GCP(Google Cloud Platform)は、Googleが提供するクラウドコンピューティングサービスの総称です。
最新では「Google Cloud」という名称に統一されましたが、エンジニアの現場では今も「GCP」と呼ばれるケースが大半です。
本記事ではGCPの基本概念から主要サービス・料金体系・AWSとの違いまで、初めて学ぶ方にもわかるように解説します。
- GCPの正しい意味と「Google Cloud」との関係について
- BigQueryやVertex AIなどGCPを代表するサービスの特徴について
- AWSとGCPの違いと、目的に合ったクラウドの選び方について
1. GCPとは何か:正式名称・Google Cloudとの違い・基本的な意味

GCPについて正確に理解するには、まずその定義と名称をめぐる経緯を整理することが大切です。
現場では「GCP」「Google Cloud」の2つの呼び方が混在していますが、指す範囲や使われる場面に違いがあります。
GCPとはGoogleが自社インフラを外部提供するクラウドサービスの総称
GCP(Google Cloud Platform)とは、Googleが自社のデータセンターやネットワーク設備を活用して外部に提供するクラウドコンピューティングサービスの総称です。
コンピューティング・ストレージ・データベース・AI・ネットワークなど、200以上のサービスで構成されています。
クラウドの3つのモデル:IaaS・PaaS・SaaS
クラウドコンピューティングには大きく3つのモデルがあります。
インフラ(サーバー・ネットワーク・ストレージ)を提供するIaaS、アプリケーション開発環境を提供するPaaS、そしてソフトウェアそのものを提供するSaaSです。

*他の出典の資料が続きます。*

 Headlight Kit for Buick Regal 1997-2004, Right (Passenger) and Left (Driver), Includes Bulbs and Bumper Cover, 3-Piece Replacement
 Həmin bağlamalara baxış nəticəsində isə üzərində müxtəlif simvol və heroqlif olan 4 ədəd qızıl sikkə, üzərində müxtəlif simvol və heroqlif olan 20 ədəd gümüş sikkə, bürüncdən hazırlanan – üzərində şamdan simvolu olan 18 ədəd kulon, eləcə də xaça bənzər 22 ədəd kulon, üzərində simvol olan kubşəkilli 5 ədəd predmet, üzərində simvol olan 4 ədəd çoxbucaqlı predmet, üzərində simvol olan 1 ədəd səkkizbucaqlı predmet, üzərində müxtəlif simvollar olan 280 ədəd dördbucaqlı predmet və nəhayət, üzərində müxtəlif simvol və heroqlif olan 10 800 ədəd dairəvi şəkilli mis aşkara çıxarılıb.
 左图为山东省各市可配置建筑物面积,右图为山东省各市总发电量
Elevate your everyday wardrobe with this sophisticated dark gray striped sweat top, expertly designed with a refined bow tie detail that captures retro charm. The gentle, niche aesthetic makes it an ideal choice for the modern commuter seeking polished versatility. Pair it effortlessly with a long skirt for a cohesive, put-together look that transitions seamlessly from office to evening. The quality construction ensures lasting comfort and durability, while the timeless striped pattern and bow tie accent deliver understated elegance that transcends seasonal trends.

GCPはこれら3つのモデルすべてをカバーしており、スタートアップから大企業まで幅広い用途に対応しています。
GoogleはGoogle検索・Gmail・YouTubeといった世界規模のサービスを自社インフラで運用してきました。
GCPはその同じ設備を、一般の企業や開発者が使える形で提供しているという点が、他社クラウドとの大きな違いのひとつです。
GCPは「Google Cloud」へ統一されたが現場では今も「GCP」が主流
Googleはクラウド関連サービスの名称を整理し、「Google Cloud」という呼称に統一しています。これはブランドをひとつにまとめるための名称変更であり、技術的な仕様が変わったわけではありません。

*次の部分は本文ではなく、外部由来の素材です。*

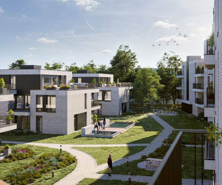 Er werd gekozen voor een diversiteit aan appartementen met ook kleinere woonoppervlaktes zodat iedereen zijn gading kan vinden. De 6 aparte woonblokken zorgen voor voldoende rust & privacy en vormen een mooi harmonieus geheel.
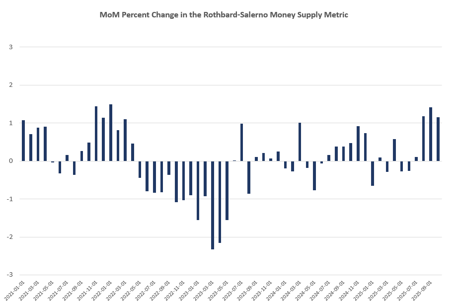 While the money supply largely flatlined through much of the mid-2025, growth has clearly accelerated since August of this year.
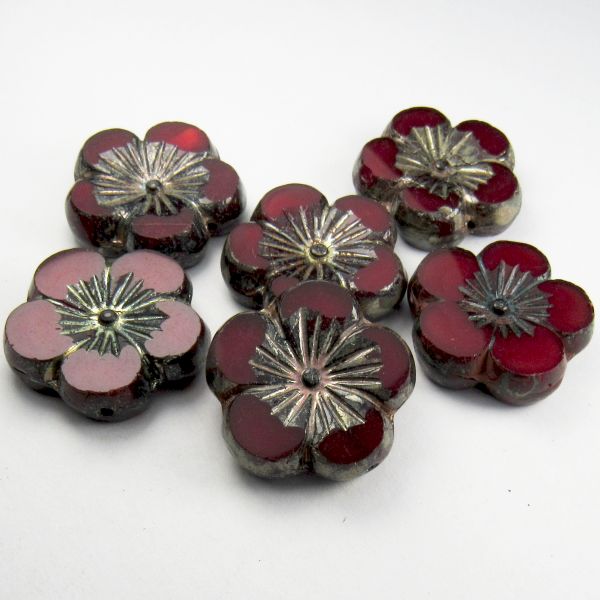 Carved 22mm ruby red Czech glass beads with a carved hibiscus flower center. The silvery picasso finish beautifully emphasizes the design. Superb for all types of jewelry designs- earrings, necklaces and bracelets. Prettier than my photo...
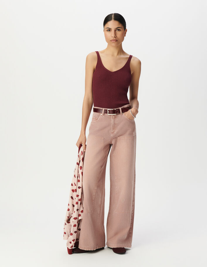 Pull bretelles bordeaux tricot fantaisie côtelé Femme

ただし、求人票・技術ドキュメント・エンジニアコミュニティ(Qiitaなど)では今も「GCP」という略称が広く使われています。
資格試験や学習教材でも「GCP」表記が残っているケースが多く、実務上は両方の呼称を知っておく必要があります。
2. GCPの主要サービス一覧:カテゴリ別に全体像を把握する
Google Cloud
主要サービス構成図
Computing
Data Analytics
AI & ML
Storage & DB
Networking
GCPは200以上のサービスで構成されていますが、最初はカテゴリ別に代表的なサービスを把握するのが近道です。
ここでは、コンピューティング・データ分析・AI/機械学習・ストレージ/データベース・ネットワークの5つに分けて紹介します。

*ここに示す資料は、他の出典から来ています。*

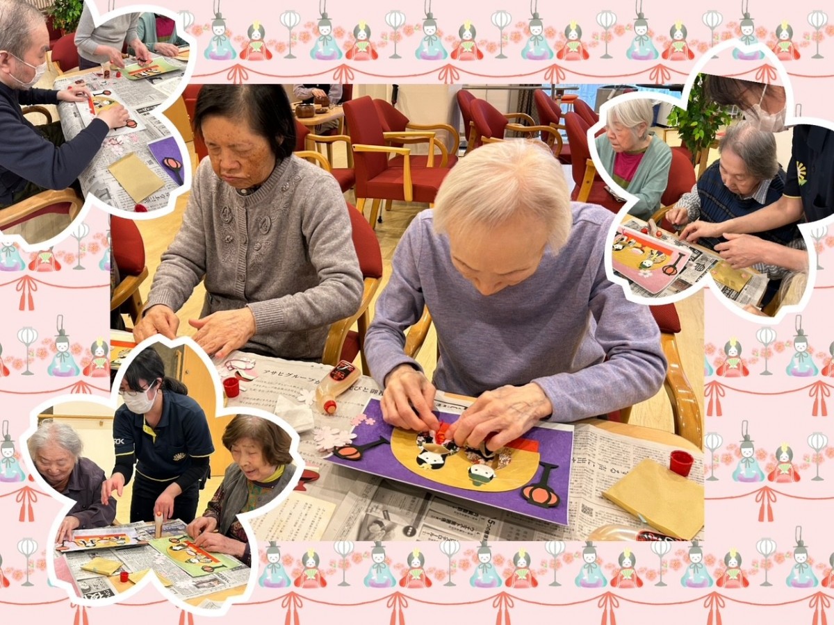 3月**桃の節句(ひなまつり)**にちなんだ制作レクの様子を行いました。
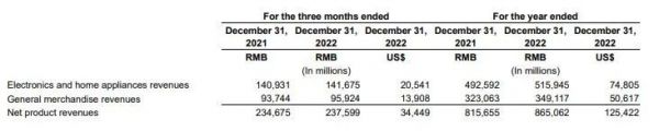 时代背景不可忽视,2022 年是以手机为主的 3C 品类低谷的一年,中国智能手机销量同比下降了 14%。但从与拼多多的横向对比来看,据相关媒体报道,去年 618 期间,拼多多的 GMV 增速达到了 25%,其中手机品类同比增长 148%,家电品类同比增长 103%。而在此次财报中,京东 2022 年电子产品及家用电器收入为 1416.75 亿元,同比仅增长 0.5%。

コンピューティング:仮想マシンからサーバーレスまで用途に応じて選択できる
GCPのコンピューティングサービスは、アプリケーションの規模や運用スタイルに合わせて複数の選択肢が用意されています。
Compute Engine:
仮想マシン(VM)を提供するIaaSサービスです。OSやミドルウェアを自由にカスタマイズでき、既存のオンプレミス環境からの移行にも向いています。
Google App Engine:
インフラの管理が不要なPaaSです。コードをアップロードするだけで自動的にスケーリングされ、Webアプリの開発・運用に適しています。
Google Kubernetes Engine(GKE):
Kubernetes(コンテナ管理ツール)をマネージドで提供するサービスです。コンテナ化されたアプリケーションの管理や、マイクロサービス構成の構築に活用されています。
データ分析:BigQueryがGCPの最大の差別化ポイント
GCPがAWSやAzureに対して最も強みを発揮するのがデータ分析の領域で、その中心にあるのがBigQueryです。
BigQueryはサーバーレス型のデータウェアハウスで、テラバイト規模のデータを数秒で処理できる速さが特徴です。
Googleが社内で開発した並列クエリエンジン「Dremel」の技術をベースにしており、インフラの管理が不要なため、データの分析に集中できます。
マーケティング分析・需要予測・ユーザー行動解析など、幅広いビジネス用途で使われています。
AI・機械学習:Vertex AIでGCPのAI開発から運用まで一元管理できる
GCPはTensorFlowの開発元であるGoogleのAI研究を背景に、機械学習サービスが充実しています。
Vertex AIは、機械学習モデルのトレーニング・公開・管理・モニタリングをひとつの環境で行えるMLプラットフォームです。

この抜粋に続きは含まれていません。